◆ AVAILABLE DATA
•••••
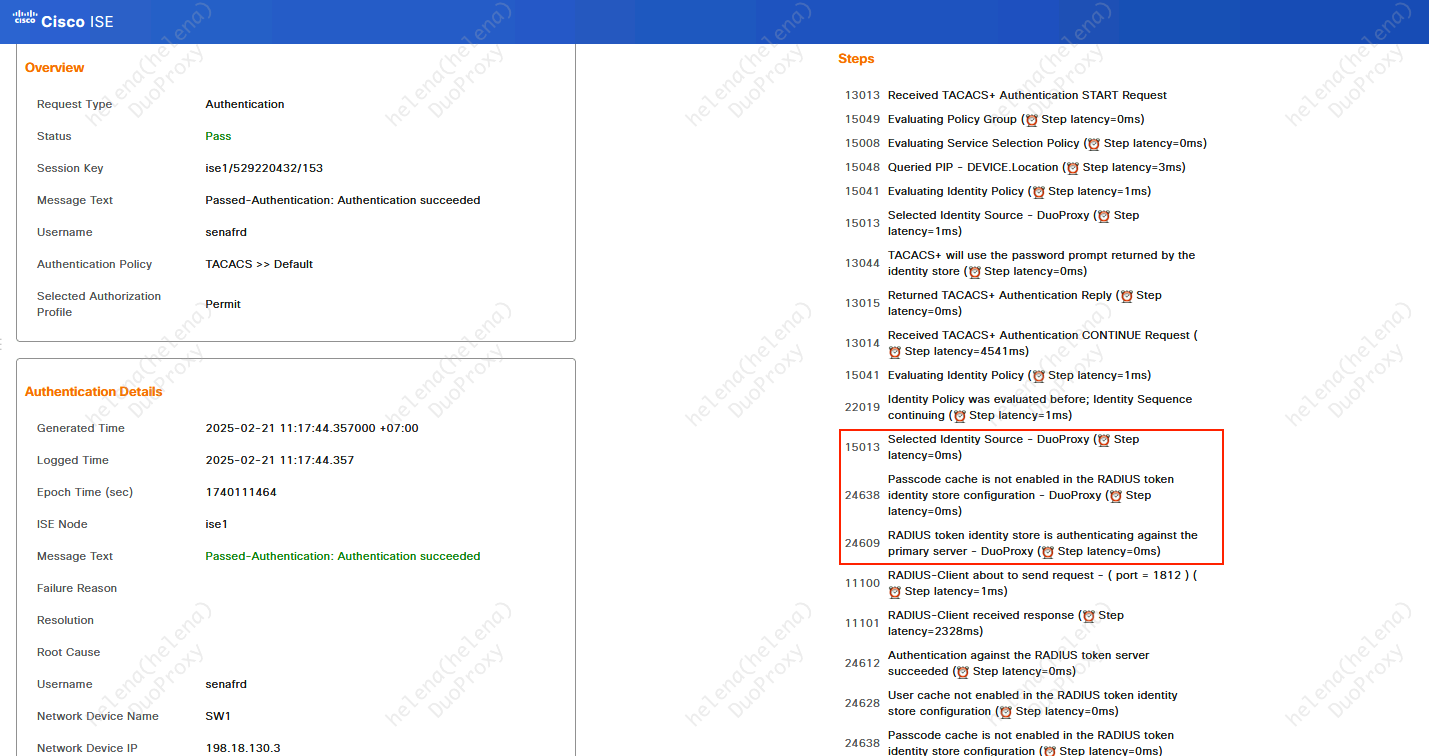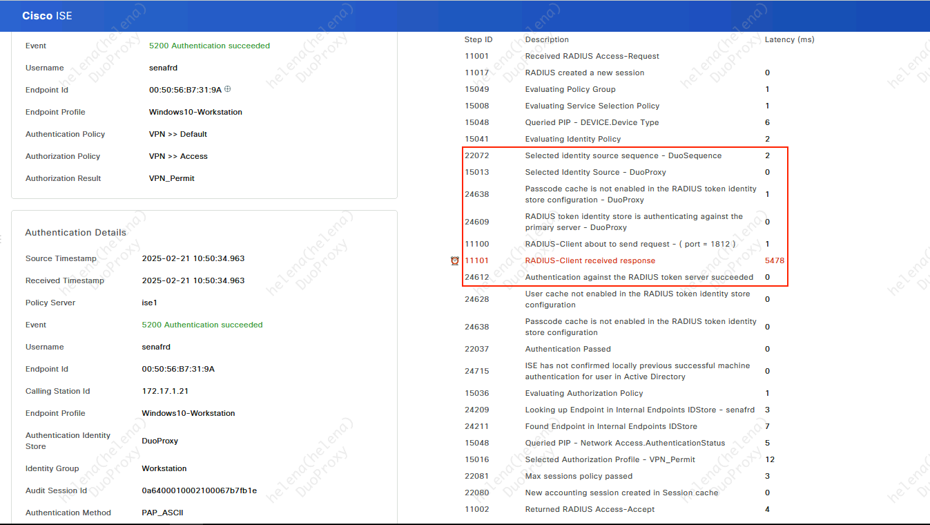 On the Radius Live Logs Details, we can see that the ISE uses the Duo Proxy as the Identity Source for Authentication
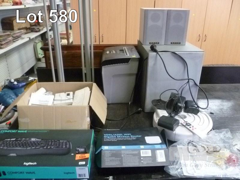 SET 3 KRIX STEREO SPEAKERS WITH 2 x STANDS, FELLOWES PAPER SHREDDER, iROBOT ROOMBA, ADEMCO SECURITY SYSTEM, LOGITECH CORDLESS KEYBOARD/MOUSE & NETCOM MODEM
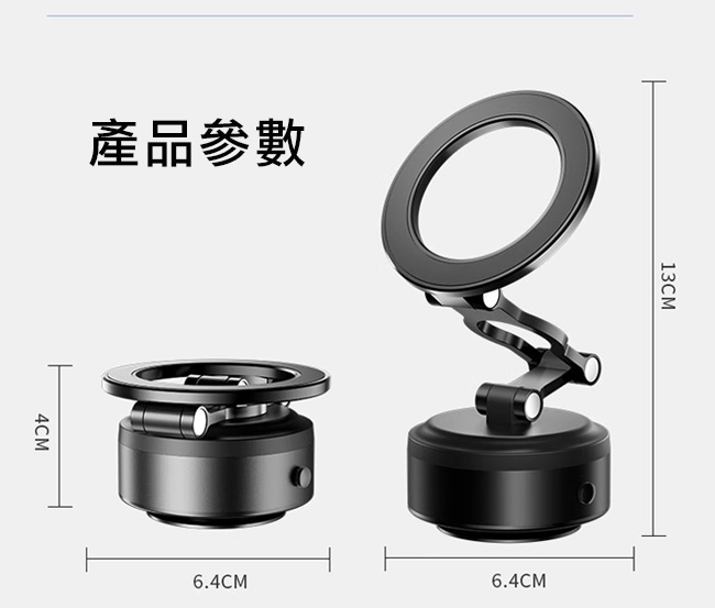 CITY BOSS 360度旋轉真空磁吸多用途車架/固定架/桌上立架 強力磁吸+電子馬達真空吸附吸盤-黑
•••••
◆ YOUR GOAL
In the data above, find the line containing "SET 3 KRIX STEREO", then output it and every later line exactly, without the pictures.

◆ PROBLEM SOLUTION
 SET 3 KRIX STEREO SPEAKERS WITH 2 x STANDS, FELLOWES PAPER SHREDDER, iROBOT ROOMBA, ADEMCO SECURITY SYSTEM, LOGITECH CORDLESS KEYBOARD/MOUSE & NETCOM MODEM
 CITY BOSS 360度旋轉真空磁吸多用途車架/固定架/桌上立架 強力磁吸+電子馬達真空吸附吸盤-黑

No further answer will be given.